**** Material provided
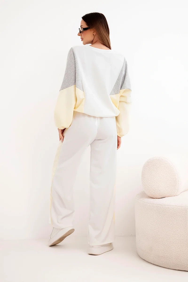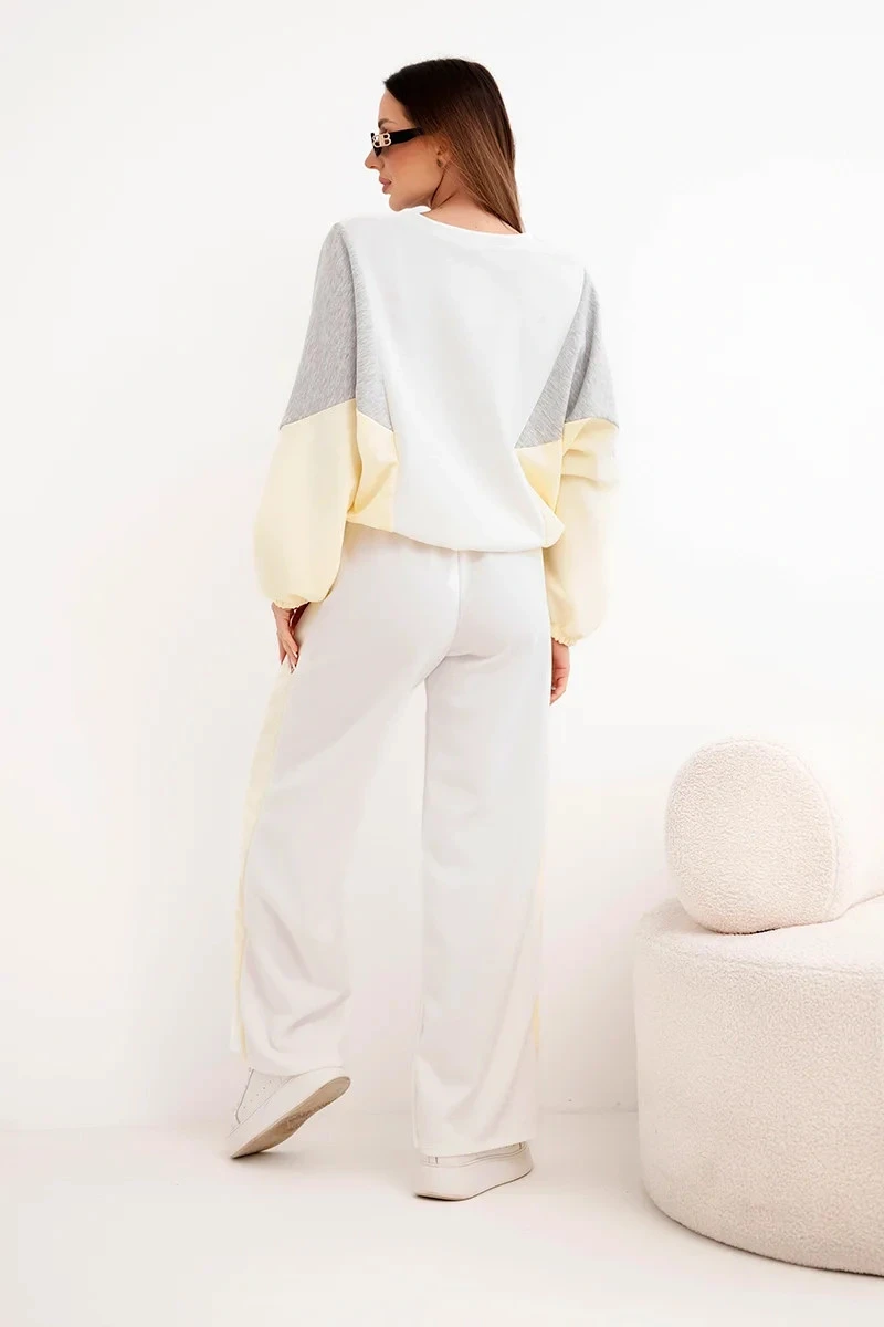 Mikina volného střihu s nízkou linií ramen a elastickými manžetami na rukávech zajišťuje volnost pohybu a výjimečné pohodlí. Kontrastní vsadky jí dodávají módní, moderní charakter. Kalhoty s elastickým pasem a širokým střihem garantují komfort po celý den a jejich minimalistický střih krásně zdůrazňuje siluetu.
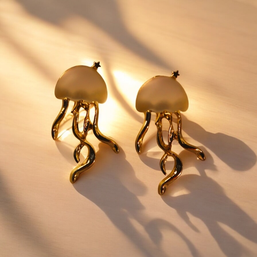 Dive into elegance with our Golden Jellyfish Dangle Earrings. Inspired by the graceful movement of jellyfish in the ocean, these earrings feature a soft matte dome paired with flowing gold-toned tentacles that shimmer with every turn. Lightweight yet striking, they bring a touch of marine magic to any outfit. Perfect for ocean lovers and bold fashionistas alike.
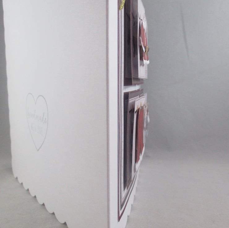 A white square scalloped edge card measuring 145x145mm(5.75x5.75in) has a decoupage/3D effect design of Santas washing line
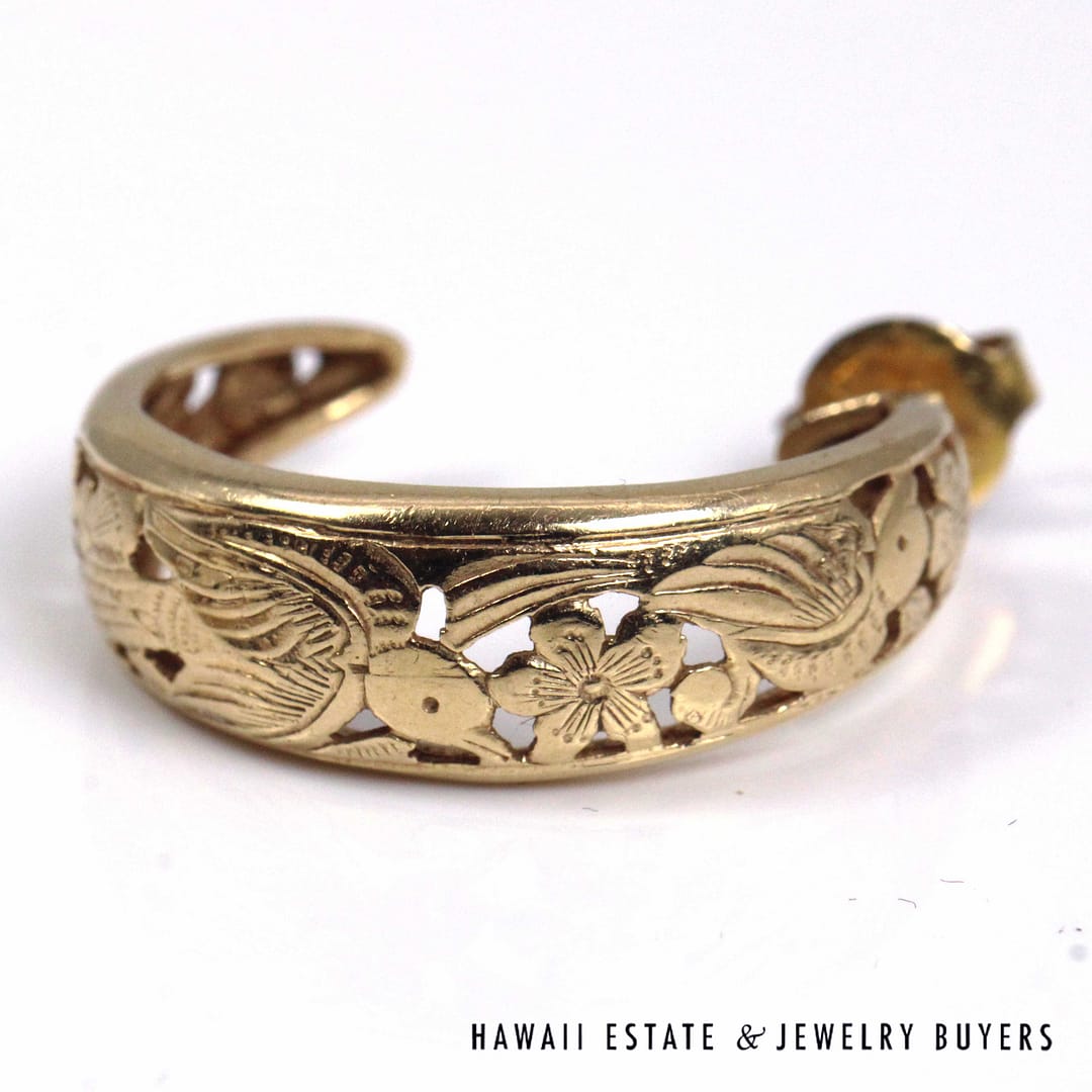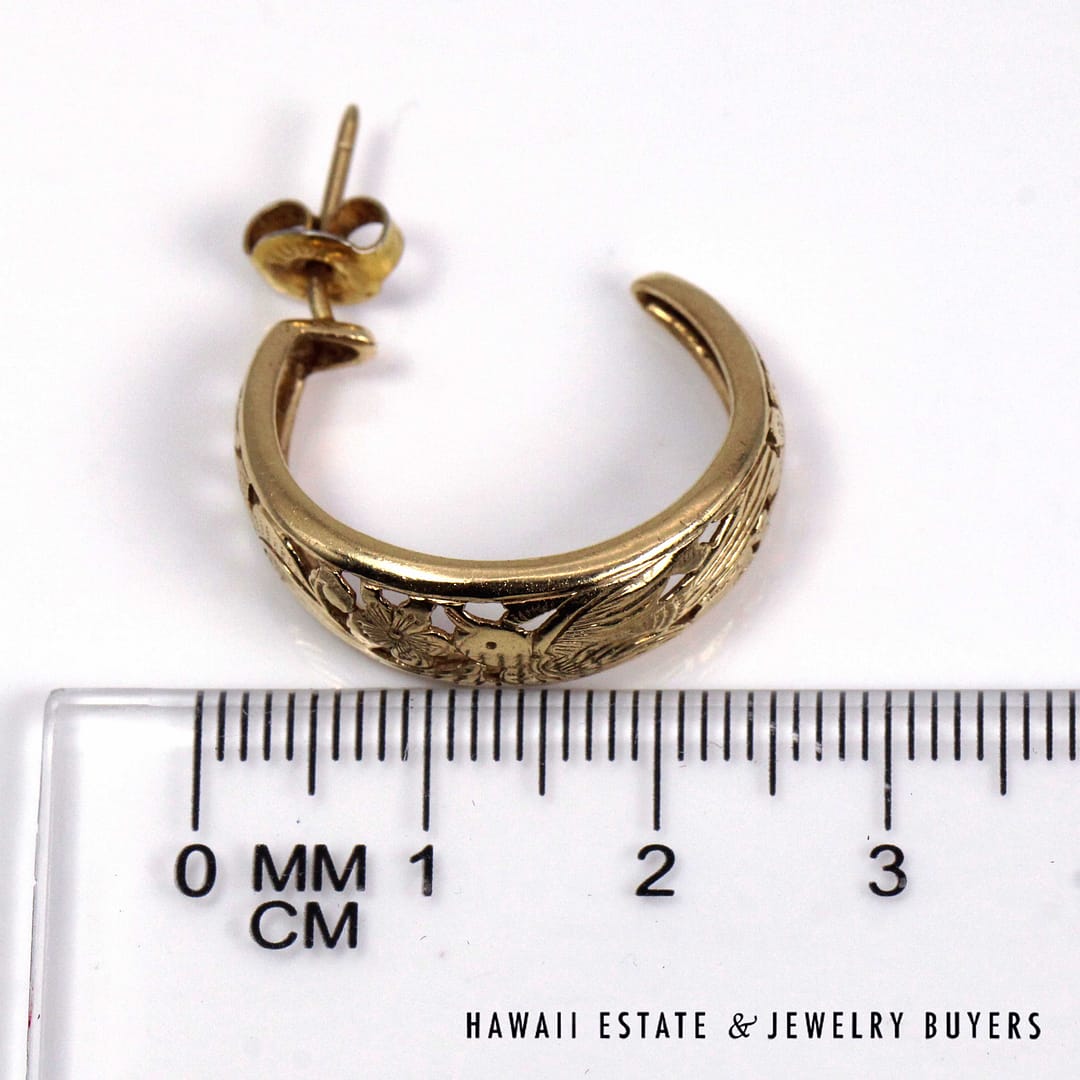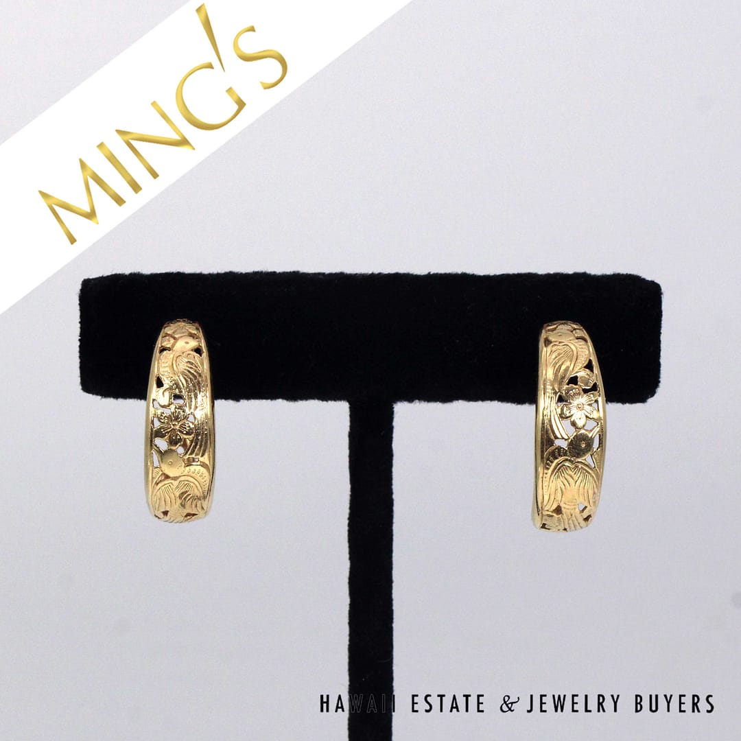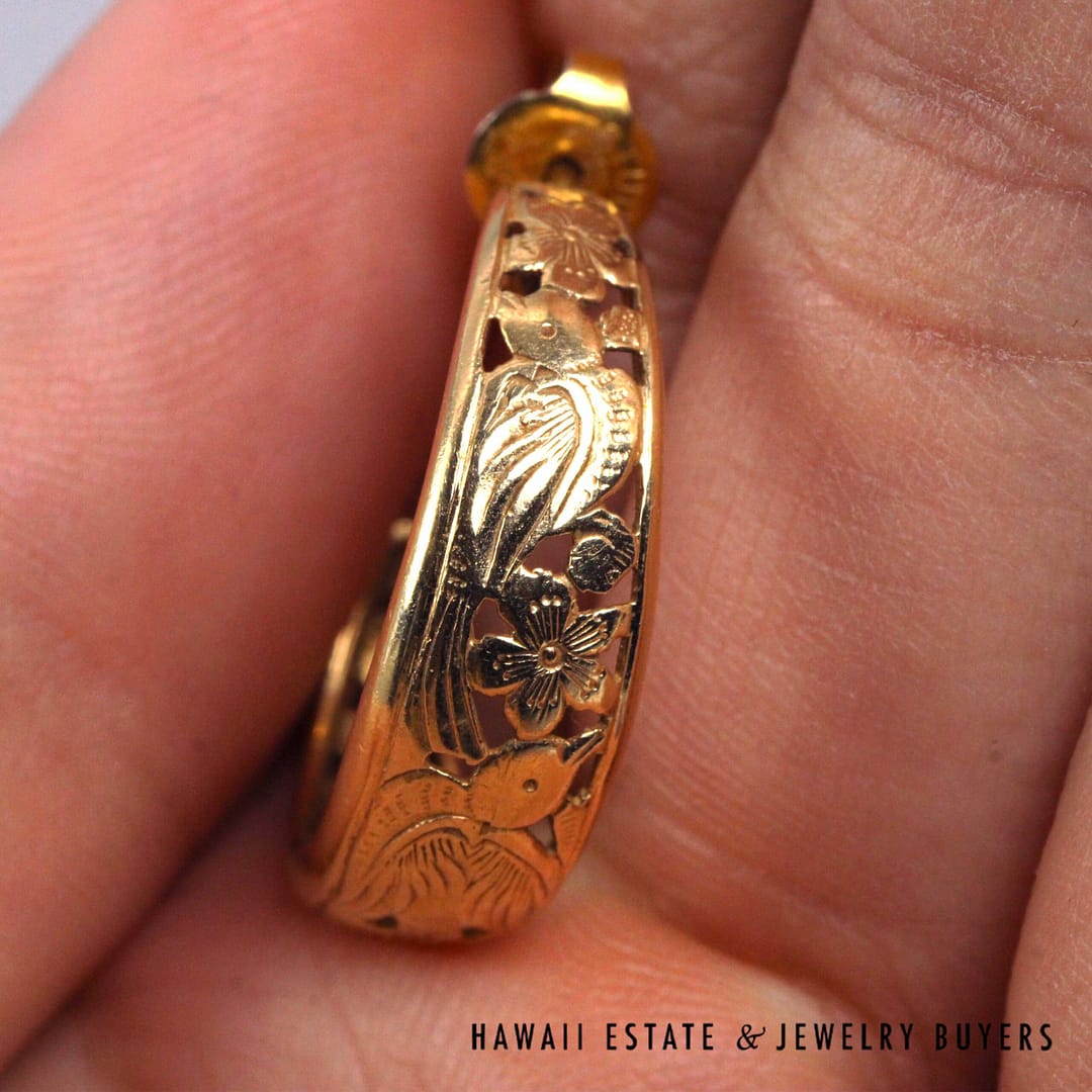 Ming's Hawaii Bird in Plum open hoop earrings crafted in solid 14K yellow gold, featuring the iconic floral and bird motif in a classic 24mm hoop design, showcasing exceptional vintage island craftsmanship and timeless elegance.
********
▸ Task
From the first line above to the line containing "A white square", repeat each line exactly. Pictures stay out.

▸ Answer to this exercise
 Mikina volného střihu s nízkou linií ramen a elastickými manžetami na rukávech zajišťuje volnost pohybu a výjimečné pohodlí. Kontrastní vsadky jí dodávají módní, moderní charakter. Kalhoty s elastickým pasem a širokým střihem garantují komfort po celý den a jejich minimalistický střih krásně zdůrazňuje siluetu.
 Dive into elegance with our Golden Jellyfish Dangle Earrings. Inspired by the graceful movement of jellyfish in the ocean, these earrings feature a soft matte dome paired with flowing gold-toned tentacles that shimmer with every turn. Lightweight yet striking, they bring a touch of marine magic to any outfit. Perfect for ocean lovers and bold fashionistas alike.
 A white square scalloped edge card measuring 145x145mm(5.75x5.75in) has a decoupage/3D effect design of Santas washing line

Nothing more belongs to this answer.